The CTA for IMC-R117C was accepted in April 2024 by the EMA, and the Phase 1 clinical trial is expected to start in the second half of 2024.
ImmTAV Candidates for a Functional Cure in Infectious Diseases
The Company’s bispecific TCR technology platform has potential to offer a new approach for the treatment of chronic infections and aims to eliminate evidence of remaining virus in circulation after the patient stops taking medication – known as a "functional cure". Two investigational candidates are in Phase 1 clinical trials for people living with human immunodeficiency virus (HIV) and people with chronic Hepatitis B infection (HBV).

Phase 1 trial of IMC-M113V (Gag-A02) for people living with HIV

The objective of the clinical trial is to identify a safe and tolerable dose and evaluate whether IMC-M113V could lead to reduction in the viral reservoir and, after stopping antiretroviral therapies (ART) and IMC-M113V, delay or prevent HIV rebound.
Historically, viral rebound occurs rapidly after ART interruption at a median of 2 weeks, and approximately 98% of people will have >200 viral copies/ml (the threshold for transmission) by week 8 (Feher C et. al, 2019).
In the MAD portion, the Company has enrolled 3 cohorts with 5 people living with HIV (PLWH) per cohort.
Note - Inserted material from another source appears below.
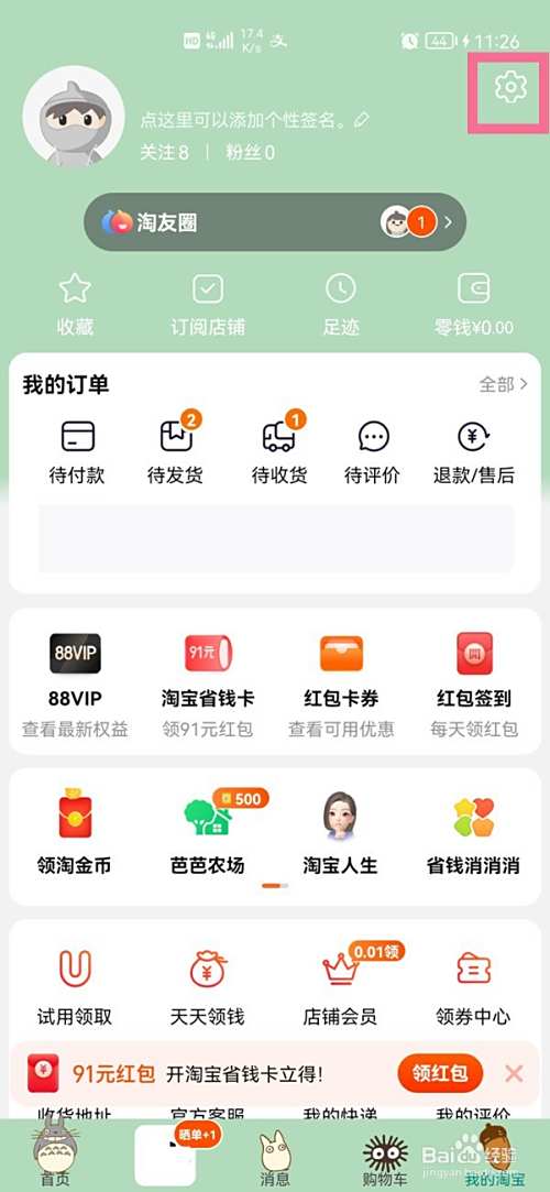 打开手机淘宝app,在“我的淘宝”界面点击右上角齿轮设置图标。

The highest tested dose is 300 mcg.
A biologically active dose has been reached and the Company plans to enroll more PLWH to characterize anti-viral activity and to explore higher doses. This will move the planned data release from fourth quarter of 2024 into first quarter of 2025.
Phase 1 trial of IMC-I109V (Envelope-A02) for people living with HBV or HBV-positive hepatocellular carcinoma

Patient enrollment continues into the single ascending dose portion of the clinical trial.
Tissue-specific Down Modulation of the Immune System for Autoimmune Diseases
The Company is expanding its platform into autoimmune diseases with two new, first-in-class bispecific candidates recently entering its pipeline. The key differentiator of the Company’s ImmTAAI (Immune Modulating Monoclonal TCRs Against AutoImmune disease) platform is tissue-specific down modulation of the immune system whereby, when tethered to the tissue of interest, the new candidates suppress pathogenic T cells via PD1 receptor agonism.
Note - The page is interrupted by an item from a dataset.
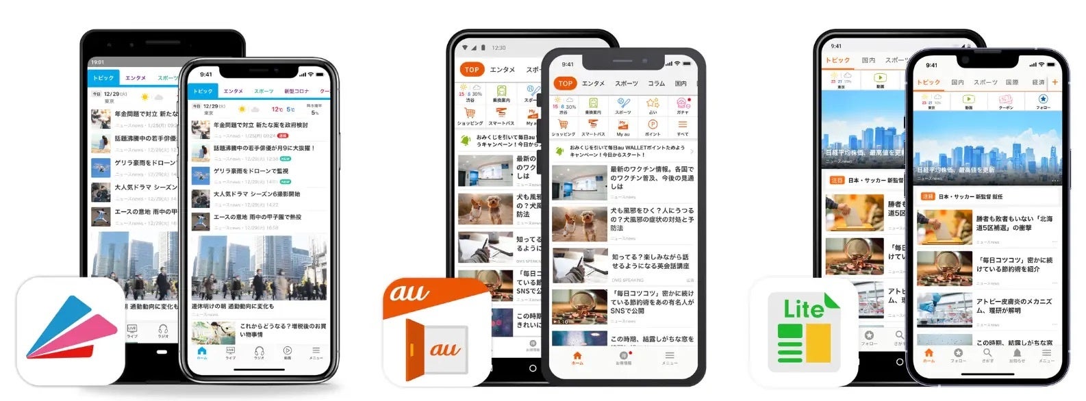 株式会社Gunosyが運営する「グノシー」「ニュースライト」「auサービスToday」に

IMC-S118AI (pre-pro insulin A02 x PD1), intended for disease-modifying treatment in type 1 diabetes

IMC-S118AI recognizes a peptide from pre-proinsulin presented by HLA-A02 on beta cells, coupled with a PD1 agonist effector arm.
IMC-S118AI is advancing towards GMP manufacturing in 2024.
Undisclosed non-HLA restricted (universal) candidate for inflammatory dermatological diseases

The candidate is an antigen presenting cell (APC) tethered ImmTAAI and is not HLA restricted (i.e. universal for all populations).
ESMO Congress 2024 – Presentation and poster details

Title: Phase 1 safety and efficacy of brenetafusp, a PRAME × CD3 ImmTAC T cell engager, in platinum resistant ovarian cancer (PROC) (Poster 750P)
Presenting author: Claire F. Friedman
Session: Poster Session – Gynaecological cancers, Saturday 14 September 2024; 09:00 a.m. – 5:00 p.m. CEST / 04:00 a.m. – 12:00 p.m. ET

Title: Chemotherapy and hypomethylating agents enhance anti-tumor activity of PRAME ImmTAC
Presenting author: Adel Benlahrech
Session: Poster Session – Investigational immunotherapy, Saturday 14 September 2024; 09:00 a.m. – 5:00 p.m. CEST / 04:00 a.m. – 12:00 p.m. ET (Poster 1021P)
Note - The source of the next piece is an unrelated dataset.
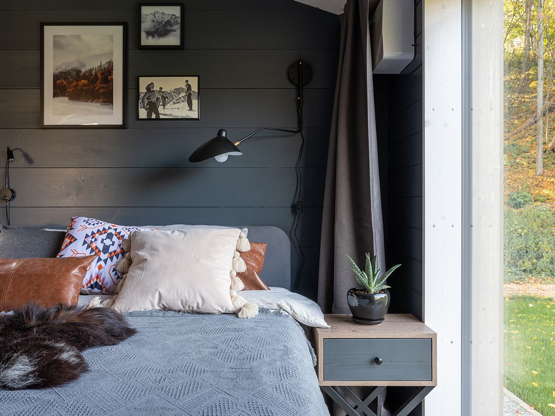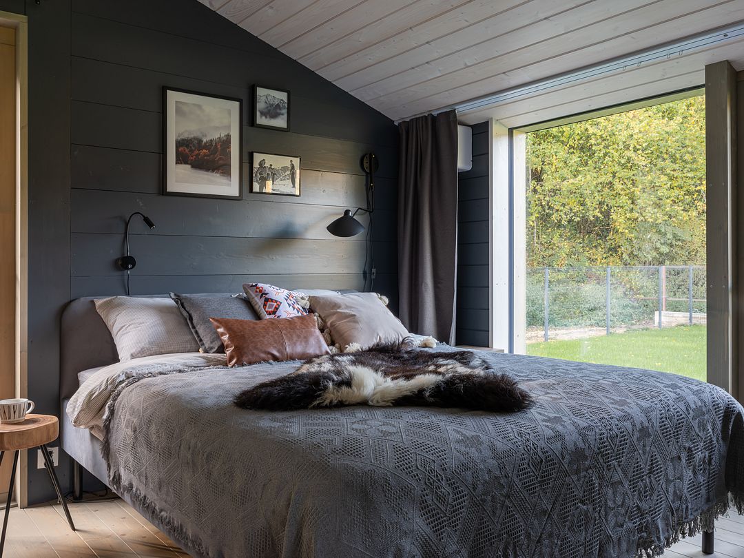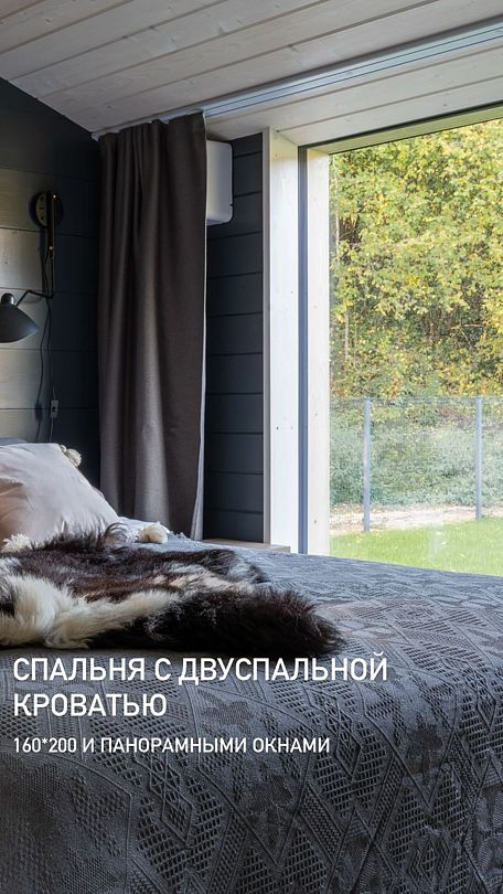 2. Спальня с двуспальной кроватью 160х200 с матрасом средней жёсткости и шторами блэкаут

Title: Association of a blood T cell fitness gene signature with clinical benefit from ImmTAC bispecific T cell engagers (Oral 66O)
Presenting author: Joseph Sacco
Session: Proffered paper session 2 – Basic Science and Translational Research, Monday 16 September 2024; 02:45-04:15 p.m. CEST / 09:45-11:15 a.m. ET

Financial Results
For the second quarter ended June 30, 2024, the Company generated net product sales of $75.3 million compared to $56.9 million for the same period in 2023. This increase was due to revenue from KIMMTRAK, of which $55.6 million was in the United States, $15.4 million (net of an increase in estimated reserves related to prior periods of $6.7 million) in Europe, and $4.3 million in international regions. The increase in net product sales was due primarily to increased volume in the United States and global country expansion, as the Company continued its commercialization efforts.

For the second quarter ended June 30, 2024, research and development (R&D) expenses were $51.1 million, compared to $38.2 million for the same period in 2023. This increase was primarily driven by expenses incurred for the PRAME programs, including the initiation of the Company’s Phase 3 clinical trial.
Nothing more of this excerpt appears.